Obtaining Student Background Information
Effective teachers and tutors of linguistically diverse students know that gathering background information on their students is key in supporting their English development and acculturation. This background knowledge helps teachers understand their students and better equips them to meet the students’ educational needs.
Provided is a list of questions that you want to find answers to in order to learn more about your student.
- What language(s) are spoken at home?
- What is the primary language of the student? Or, In what language does the student function best?
- What is the level of language proficiency in these languages? Or To what degree is this language developed orally, in reading, and in writing?
- Has the student attended school before in his home country? At what level?
- Has the student attended school before in the U.S.? How long? At what level?
- Is the child receiving additional supplementary educational services?
- What is the student’s oral, reading and writing proficiency in English?
Geographical Background– Immigrant, Refugee, or Native-born?
- What is the country of origin? Specific region?
- Did the family belong to a specific tribe with unique characteristics?

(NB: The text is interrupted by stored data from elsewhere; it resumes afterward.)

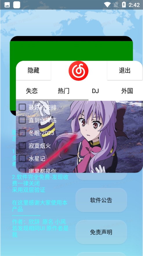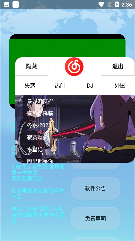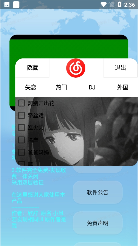 1、应用完全免费并且没有植入任何广告收听音乐起来还是很不错的。
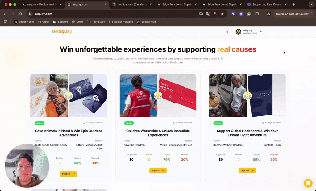 「Aequsy」は、寄付を通じて楽しさと透明性を提供するプラットフォームで、ユーザーは認証された原因に寄付し、人生を変える体験に参加できるという特徴があります。
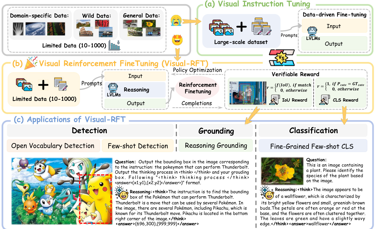 Figure 2. Overview of Visual-RFT. Compared to the (a) Visual Instruction Tuning that is data-hungry, (b) our Visual Reinforcement Fine-Tuning (Visual-RFT) is more data efficient with limited data. (c) We successfully empower Large Vision-Language Models (LVLMs) with RFT on a series of multi-modal tasks, and present examples of the model's reasoning process at the bottom.
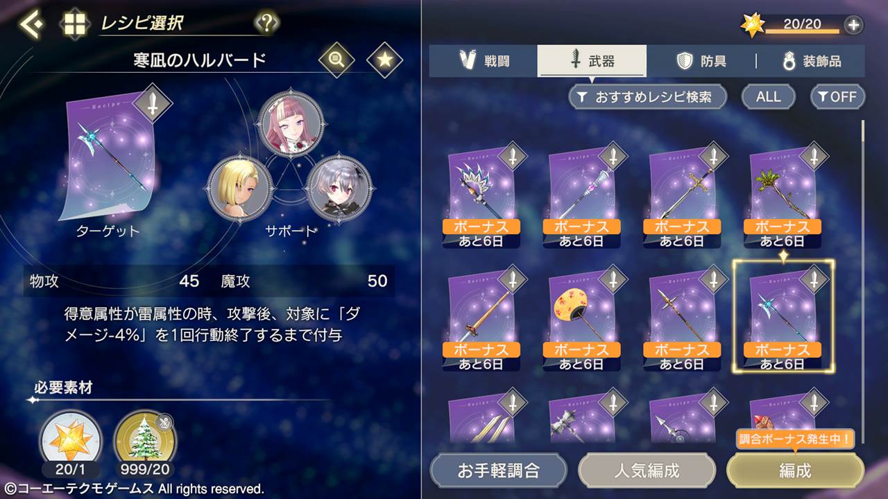 調合をより遊びやすくするため、レシピ選択画面にて、特定のレシピを期間限定でピックアップし、調合時にボーナスがかかる機能を追加いたします。
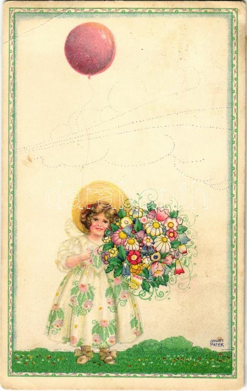 1918 Girl with flowers and balloon. P.J.G.W.I. Nr. 506-1. s: August Pa... https://www.darabanth.com/de/412-Fernauktion/412.0/Ansichtskarten/Kunstlerkarten~2000068/1918-Girl-with-flowers-and-balloon-PJGWI-Nr-506-1-s-August-Patek-EB~II2571760

- How long has the student been in the U.S.? Where?
- What are the circumstances of immigration? (For example, was immigration to the United States a conscious choice or necessitated by war, imminent danger or hardship? Or was trauma experienced or witnessed prior to or as a part of immigration? Did the student live in a refugee camp?
Culture(s) in the country of origin
- What is/are the dominant cultural backgrounds of the student / family?
- What are the basic beliefs concerning education (attendance, roles and responsibilities of the teachers, students and parents)?
- What are the basic beliefs concerning family, friends, conflict resolution, religious beliefs, etc.?
- What are the major important days of celebration?
- What are cultural sports, games or traditions?
- Is the family intact? Are the parents alive, together, separated? Are the parents living with their children? Are the siblings together / separated? Are their other family members / friends living in the home?
- Does anyone in the home speak English and can help with schoolwork?
- Is the family in the United States permanently / temporarily?
- Is the family aware of available community resources and services in their home language / culture?
Personal Interests / Abilities / Health
- What are the student’s special interests, abilities and talents?
- Are there any physical or health conditions that influence learning or instruction (i.e. vision, hearing, food allergies, etc.)?
- Is the child introverted/extroverted in school? What about at home? On the playground?
- Ask the student’s current or former teacher. The teacher has access to school files and documents that can help in finding the academic background of the student.
- Ask the student (if the student has enough working knowledge of the language to communicate or use a translator –professional, parents, community volunteers, older siblings, other students, teacher assistants, and other community volunteers). As students become more comfortable in their new environment and competent English speakers, they become one of the best sources of their own history.
- Ask the student’s family. Unless one of the family members speaks English, you may need to find a translator for this meeting.
- Ask the student’s friends who know about their background.
- Ask sponsoring agencies (in the case of many refugees and immigrants).
- Inquire about any community resources available.
- Work on activities with student to find out about their experiences.